By January 2018, the country was producing 71 lakh tonnes of meat against an annual requirement of 68-70 lakh tonnes and hopes to start exporting beef by 2020.
The cattle arrives at haats near Basirhat primarily from Madhya Pradesh and Uttar Pradesh via Jharkhand and Odisha. The next step is to keep the cows undetected, close to the border.
Finally, the actual crossing. “During the winters, the river and fog make it easy. But the monsoons are different and require skills. We would either prop the cow up with logs or a rakhal (a cattle herder) would swim with them and guide them,” adds Ghosh.
The BSF relied not just on traditional methods like increasing manpower and repairing fences, but also new tactics: increasing surveillance on roads leading to the border, speedboats armed with night vision devices across riverine borders and digging trenches along the borders and rivers to effectively trap cattle.
By December 2015, 21 cross-border criminals were shot dead, 16 of them cattle smugglers. In July last year, BSF director general KK Sharma admitted that with each death, Bangladesh came under “tremendous pressure” and since then, the ministry of external affairs, through the ministry of home affairs, asked the BSF to reduce the “number of killings”.
There were 10 deaths in 2017 and none till July 2018, he said.
But that, sources in West Bengal police said, is only half the story. “The smugglers are still operating. There is less movement in terms of cattle. But the rot runs deeper. Take the BSF commandant with the blue bag, for instance.”
The commandant, in question, is Jibu D Mathew, posted with the 83 Batallion at Murshidabad. In January 2018, he boarded a train to Kerala and as the train rolled into Ernakulam CBI officers boarded it and eventually arrested him at Alappuzha.
The blue bag yielded Rs 47 lakh – 22 bundles of Rs 500 and 18 bundles of Rs 2,000 notes, described by the FIR as “illegal gratification for favours” made to smugglers, and his interrogation yielded a name: Bishu Sheikh.
Many, an IPS officer posted in Kolkata said, had heard the name. But this was the first time that investigators had evidence that the shadowy kingpin of cattle smuggling wasn’t a convenient fiction.
The name, an alias for Kolkata-based Muhammad Inamul Haq, led to his arrest in February and his assets, valuing into several crores, were frozen. That is where it should have ended.
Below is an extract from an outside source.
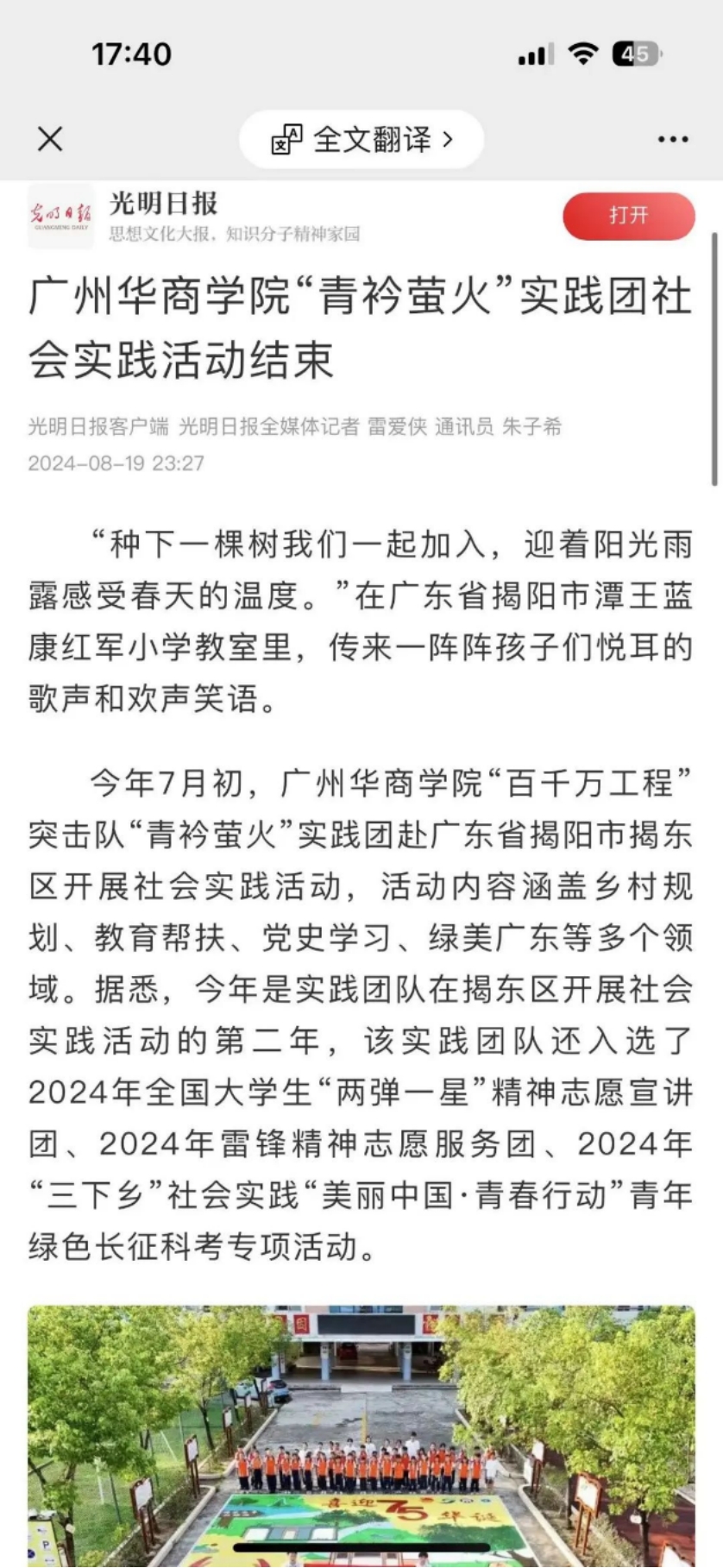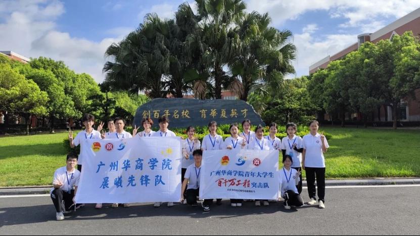——晨曦先锋“百千万工程”突击队。2024年7月13日至7月22日,由广州华商学院19名在校师生组成的晨曦先锋“百千万工程”突击队,赴广州市增城区石滩镇开展了为期10天的“多彩假期映童心,德智体美齐发展”2024年暑期公益夏令营活动。实践队始终坚持“为党育人,为国育才”的理念,将“德智体美劳”五育并举,累计开展课程32节,课时时长达2880分钟,服务青少年、儿童超500人次,其中共服务困境青少年、儿童88人次。课程包括但不限于跆拳道、羽毛球、太极拳等体育运动课程,水火箭发射、空气炮等科学课堂,漆扇、扎染、黏土、折纸等手工课程,趣味英语、角色扮演、中国象棋、探索自然等趣味益智课堂,唱歌、手势舞、朗诵等美育课堂,以及红色文化、运动安全、防溺水安全、食品安全等宣讲活动。实践事迹被大学生网报、增城青年、惠州新闻网等媒体报道,阅读量超5000人次,实践视频播放量超1000人次,实践队以实际行动深刻诠释了“为党育人、为国育才”的深刻内涵,为培养德智体美劳全面发展的社会主义建设者和接班人贡献了青春力量。

But investigators soon found out that not only did Haq control cattle-trafficking operations across north Bengal, but was also smuggling heroin into the state. How large was his network?
“Massive,” a CBI officer answered. “We just don’t know how massive.” What the CBI has learnt is that Haq evaded detection for nearly three decades.
“He never gave his real name upon arrest. He then bribed or cajoled his way out of prison and went on his business,” said the officer, adding that there is at least one case of heroin smuggling where he was arraigned and acquitted by a court in the state.
“There is a genuine fear that while the BSF has been worrying about cows, the state has been flooded by other contraband,” said the IPS officer.
Back at Taki, the cows watch as Moinudin is met by a tourist-laden rickshaw around mid-day. “Where exactly is the border?” asks a tourist. Moinudin points at the river and Bangladesh across it and says, “It’s there, somewhere in the middle.”
Eight hundred and fifty seven months after Cyril Radcliffe wrote about the problem of the “few, if any, satisfactory natural boundaries” to divide Bengal, 573 months after the birth of Bangladesh, 45 months after union home minister Rajnath Singh ordered the crackdown and weeks after schools in Uttar Pradesh housed stray cattle, the story of cattle smuggling has come a full circle.
The river, an impossible repository of sentiments and anxieties, appears not to care.